A new study in mice shows that inflammation is controlled by neurons (red in the image above) in the brainstem. (Image credit: Columbia Zuckerman Institute)
Scientists have identified a key regulator of the inflammatory process – it is located in the brainstem.
A new study in mice has found that neurons in the brainstem function like a thermostat, increasing or decreasing inflammation in response to signals from the vagus nerve, which connects the brain to other organs in the body.
Early in an infection, these neurons can activate a helpful proinflammatory response to prevent pathogens from invading. However, once the infection is cleared, the neurons suppress this response to avoid causing unnecessary damage to healthy cells. The researchers described this feedback loop in a new study published May 1 in the journal Nature.
If a similar feedback system is discovered in humans, scientists may one day be able to create drugs that regulate it. For example, drugs that target this brainstem thermostat could be used to reduce inflammation in conditions where it malfunctions, such as autoimmune disorders, the researchers say.
“If we can engineer small molecules that get into these neurons and activate them, then we have a way to regulate the circuit and therefore change how they modulate the body’s immune response and inflammatory state,” Charles Zucker, who led the lab where the study was conducted and is a professor of biochemistry, molecular biophysics, and neuroscience at Columbia University, told Live Science.
The brain stem connects the main part of the brain, the cerebrum, to the cerebellum and spinal cord, and it regulates important involuntary functions such as breathing and heart rate. Researchers already knew that the brain and immune system interact closely with each other, but the brain stem’s role in this relationship remained unclear.
Scientists also knew that the vagus nerve plays an important role in inflammation; stimulating it has been shown to be effective in a variety of inflammatory conditions, including inflammatory bowel disease (IBD) and rheumatoid arthritis. However, exactly how all these components interact was unclear.
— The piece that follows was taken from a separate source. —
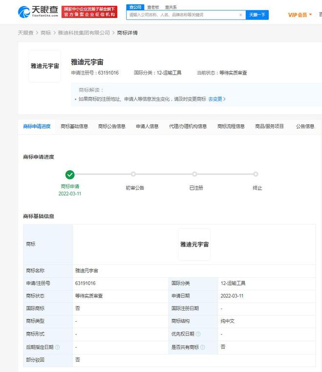 雅迪电动车申请元宇宙商标 速途研究院 • 2022年3月28日 16:22 • 元宇宙 速途元宇宙研究院3月28日讯 天眼查App显示,近日,雅迪科技集团有限公司申请注册“ 雅迪元宇宙”“小迪元宇宙”“换电兽元宇宙”“VFLY 元宇宙”“TTFAR 元宇宙”等商标,国际分类包括运输工具、广告销售等,当前商标状态为等待实质审查。 雅迪 赞 (0) 速途研究院 0 生成海报 丁香学堂线下沙龙走入江城,帮医生放大专业知识价值 上一篇 2022年3月28日 15:53 蚂蚁集团推出可信密态计算技术,可支撑隐私计算落地大规模数据场景 下一篇 2022年3月28日 17:29

To explore this connection, in the new study, Zucker and his colleagues induced an infection in mice using bacterial molecules that typically trigger an inflammatory response.
These molecules activate the vagus nerve, causing it to send signals to neurons in the caudal nucleus of the solitary tract (cNST) in the brainstem.
In a separate experiment, suppressing the activity of cNST neurons led to an enhanced inflammatory response, causing the body to produce three times more pro-inflammatory molecules and three times fewer anti-inflammatory molecules than normal levels in healthy mice.
Stimulating these neurons, in contrast, had the opposite effect — levels of pro-inflammatory molecules dropped by nearly 70%, while anti-inflammatory molecules increased nearly 10-fold. This suggests that cNST neurons may control the body's inflammatory response to infection, the team said.
Despite these encouraging preliminary results, many questions remain. For example, more research will be needed to understand what signals are transmitted from the brainstem to immune cells elsewhere in the body, Tamar Ben Shaanan, a postdoctoral researcher in microbiology and immunology at the University of California, San Francisco, who was not involved in the study, told Live Science in an email.
Jonathan Kipnis, a professor of pathology and immunology at Washington University School of Medicine in St. Louis, who was also not involved in the study, stressed the importance of deciphering how the complex immune “picture” plays out in the brain.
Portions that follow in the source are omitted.